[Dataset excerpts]
----------

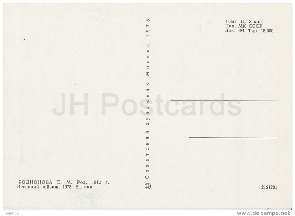 painting by Y. Rodionova - Spring Landscape , 1975 - Russian art - 1978 - Russia USSR - unused
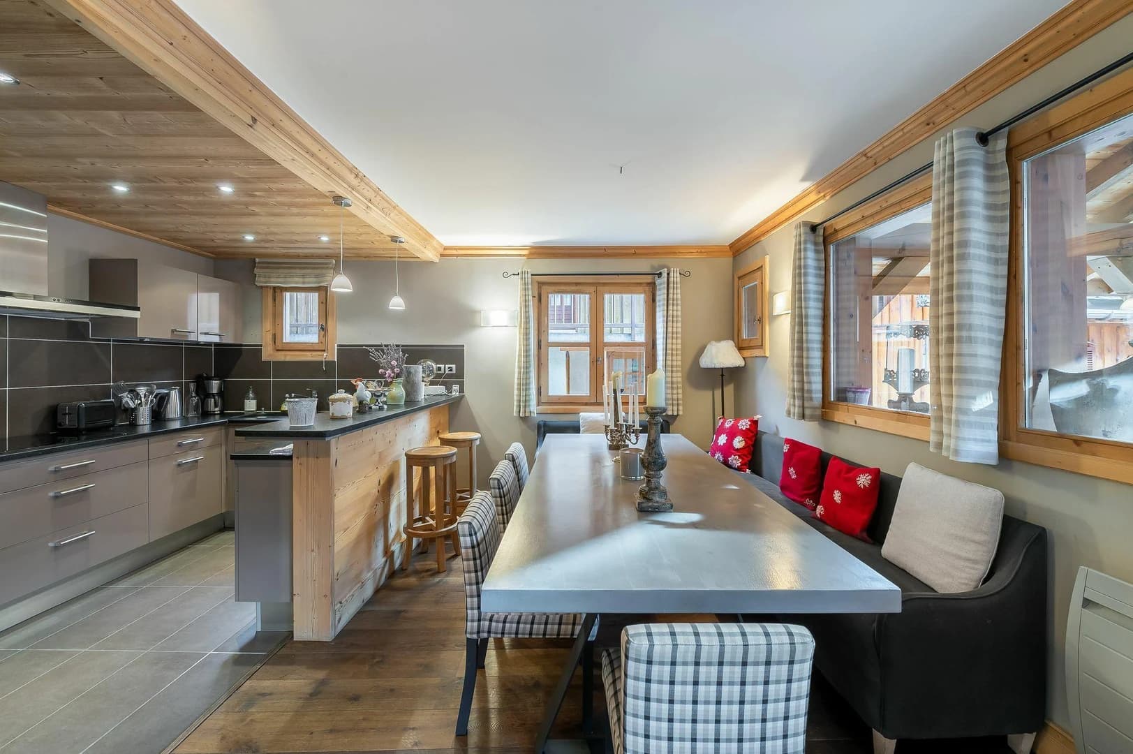 Ideally located at the crossroads of the resort’s shops and restaurants, this spacious semi-detached chalet offers a warm and welcoming atmosphere in a peaceful, mostly pedestrian street.
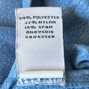 MATERIAL: 54% Polyester 32% Nylon 14% Spandex Machine Wash Hang/Flat Dry
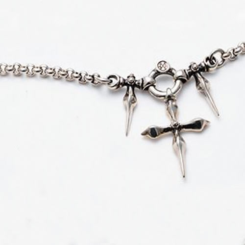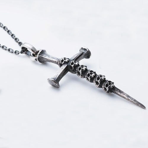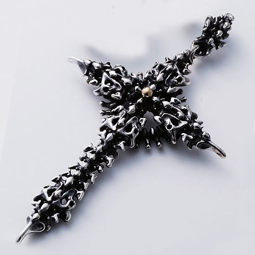 釘をモチーフにしたクロスに6体のスカルを突き刺した存在感抜群のネックレス。武骨な風合いとスカルが見事にマッチ。気づく人は気づく、ある意味が込められている。6万円(税抜)
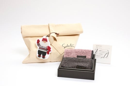 育てるタオルの人気シリーズに、ナチュラルなキャンバス生地のホリデーバッグと、 天然ミネラル成分を豊富に含んだヒマラヤ岩塩を使用したバスソルトをセットにしました。
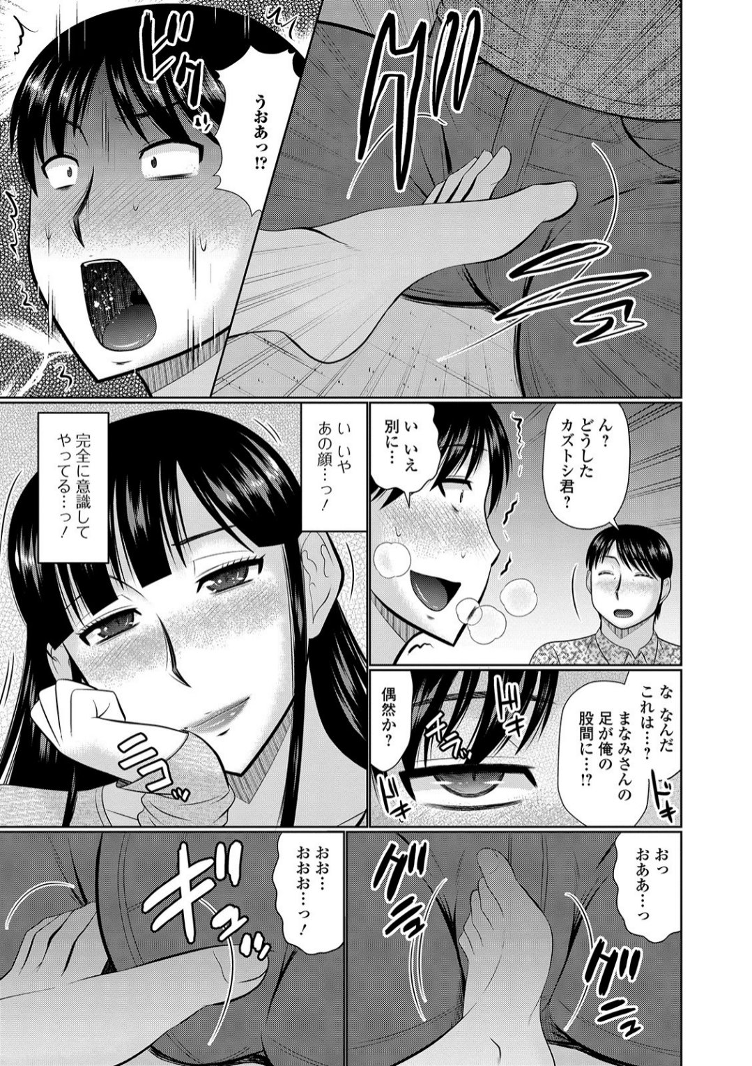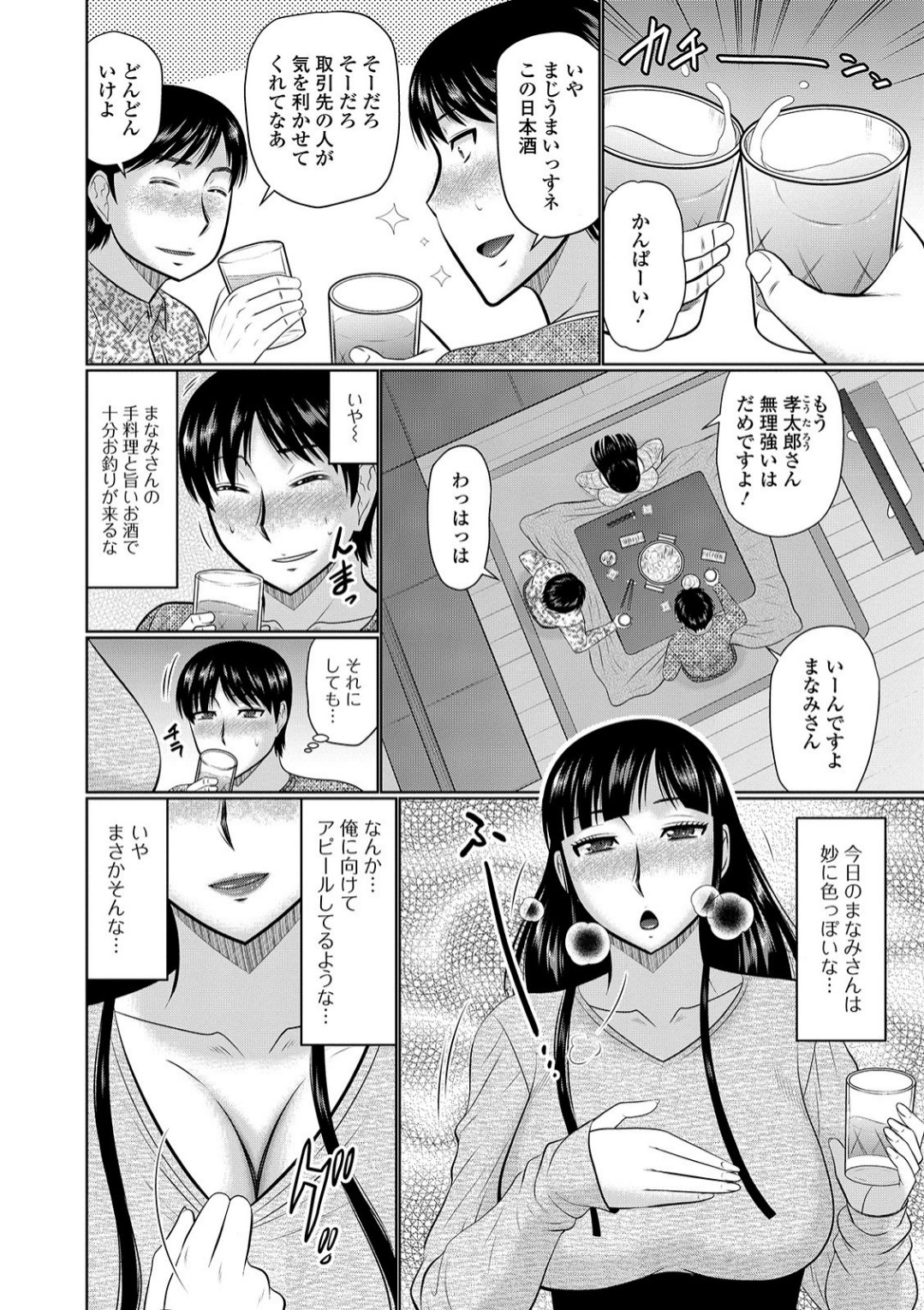 上司の家に度々招かれる主人公は、黒髪ロングヘアの巨乳人妻・まなみに密かに惹かれていた。ある日、リビングのコタツ越しに足で股間を弄び誘惑してくるまなみ。「最近は仕事が忙しくて・・・夜のほうが全然駄目なの・・・」夫が酔い潰れて寝落ちすると、抑えていた淫乱な本性を剥き出しにして──。
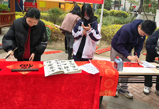 现场写春联 与此同时,其他志愿者分组深入小区进行大扫除、制作灯笼福袋、布置节日氛围等。他们手持扫帚、抹布等工具,认真清扫道路上的落叶、杂物,擦拭公共设施。尽管天气很冷,但同学们热情高涨,用实际行动为社区环境美化贡献力量。 |
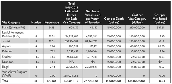 Next, information on the individual terrorists, their visa types, and number of victims is compared with the estimated costs per victim and the total number of visas issued in each category. Where conflicting numerical estimates exist, the highest plausible figures are used with the intent to maximize the risks and costs of terrorism in terms of human life. The appendix lists all of the terrorists identified.
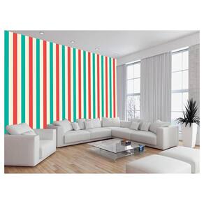 Papel De Parede 3D Listras Vermelho Bege Verde 3,5M Lst52
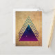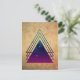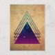 A cool sci-fi illustration with a grunge background. The background is an aged grungy antique brown color. The illustration is composed of a big triangle filled with blue and purple outer space imagery and texture. This triangle is surrounded by several blueish purple triangle outlines which stack upward.
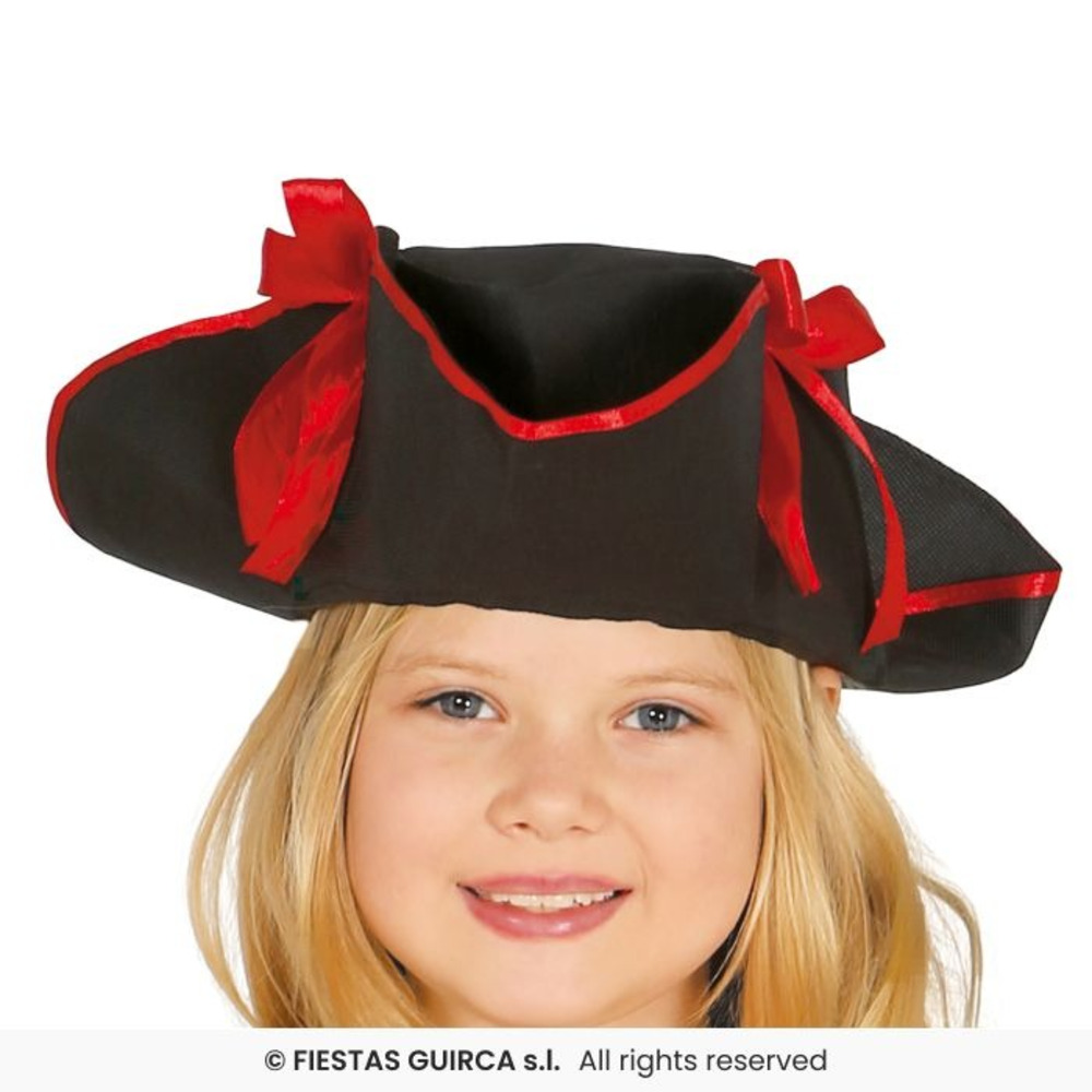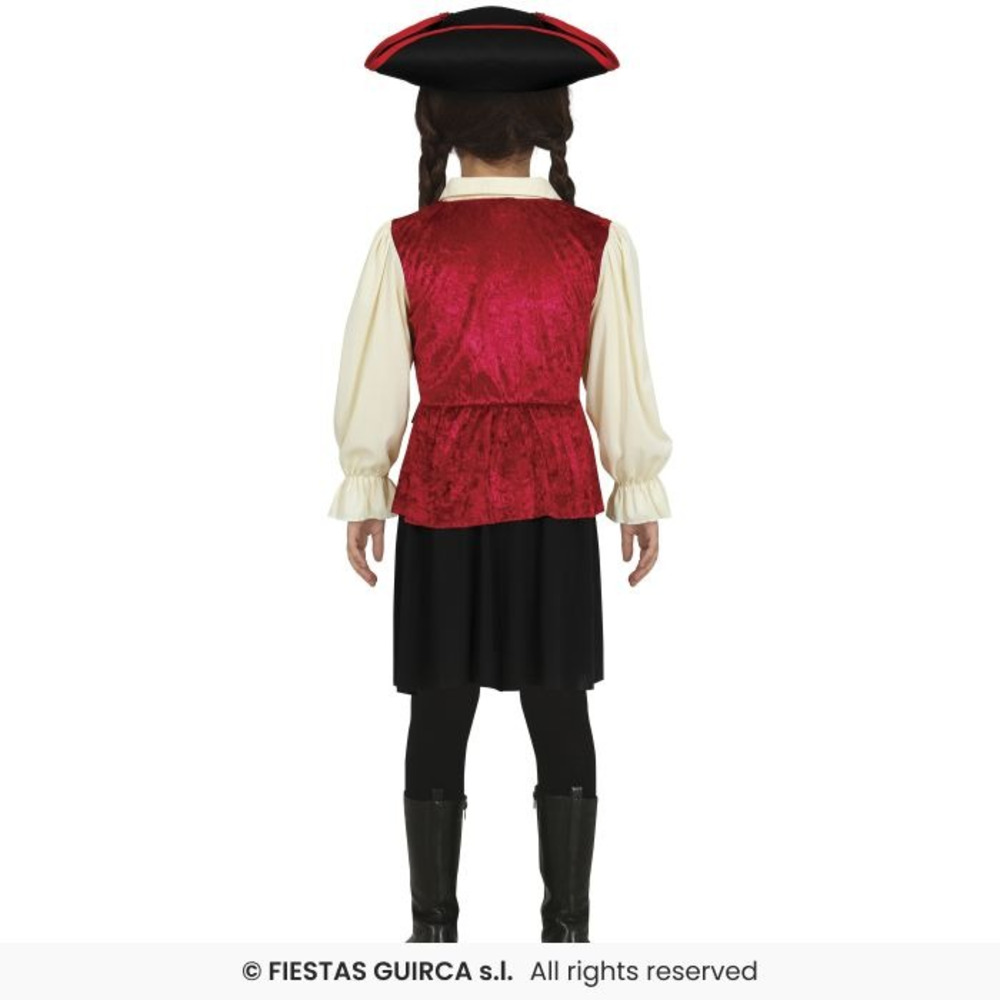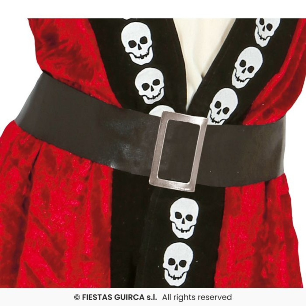 Let your little pirate rule the seas in this bold Girls' Skull Pirate Costume! This adventurous outfit includes a red dress with a black panel down the front, decorated with striking white skull prints. It comes complete with a wide brown belt to cinch the waist and a classic black pirate hat trimmed in red for a fierce finishing touch. Ideal for pirate parties, Halloween, or fancy dress fun!

----------

WHAT THE EXERCISE ASKS: All entries above, minus the pictures, should be repeated exactly.

ANSWER TO THIS EXERCISE:
 painting by Y. Rodionova - Spring Landscape , 1975 - Russian art - 1978 - Russia USSR - unused
 Ideally located at the crossroads of the resort’s shops and restaurants, this spacious semi-detached chalet offers a warm and welcoming atmosphere in a peaceful, mostly pedestrian street.
 MATERIAL: 54% Polyester 32% Nylon 14% Spandex Machine Wash Hang/Flat Dry
 釘をモチーフにしたクロスに6体のスカルを突き刺した存在感抜群のネックレス。武骨な風合いとスカルが見事にマッチ。気づく人は気づく、ある意味が込められている。6万円(税抜)
 育てるタオルの人気シリーズに、ナチュラルなキャンバス生地のホリデーバッグと、 天然ミネラル成分を豊富に含んだヒマラヤ岩塩を使用したバスソルトをセットにしました。
 上司の家に度々招かれる主人公は、黒髪ロングヘアの巨乳人妻・まなみに密かに惹かれていた。ある日、リビングのコタツ越しに足で股間を弄び誘惑してくるまなみ。「最近は仕事が忙しくて・・・夜のほうが全然駄目なの・・・」夫が酔い潰れて寝落ちすると、抑えていた淫乱な本性を剥き出しにして──。
 现场写春联 与此同时,其他志愿者分组深入小区进行大扫除、制作灯笼福袋、布置节日氛围等。他们手持扫帚、抹布等工具,认真清扫道路上的落叶、杂物,擦拭公共设施。尽管天气很冷,但同学们热情高涨,用实际行动为社区环境美化贡献力量。 |
 Next, information on the individual terrorists, their visa types, and number of victims is compared with the estimated costs per victim and the total number of visas issued in each category. Where conflicting numerical estimates exist, the highest plausible figures are used with the intent to maximize the risks and costs of terrorism in terms of human life. The appendix lists all of the terrorists identified.
 Papel De Parede 3D Listras Vermelho Bege Verde 3,5M Lst52
 A cool sci-fi illustration with a grunge background. The background is an aged grungy antique brown color. The illustration is composed of a big triangle filled with blue and purple outer space imagery and texture. This triangle is surrounded by several blueish purple triangle outlines which stack upward.
 Let your little pirate rule the seas in this bold Girls' Skull Pirate Costume! This adventurous outfit includes a red dress with a black panel down the front, decorated with striking white skull prints. It comes complete with a wide brown belt to cinch the waist and a classic black pirate hat trimmed in red for a fierce finishing touch. Ideal for pirate parties, Halloween, or fancy dress fun!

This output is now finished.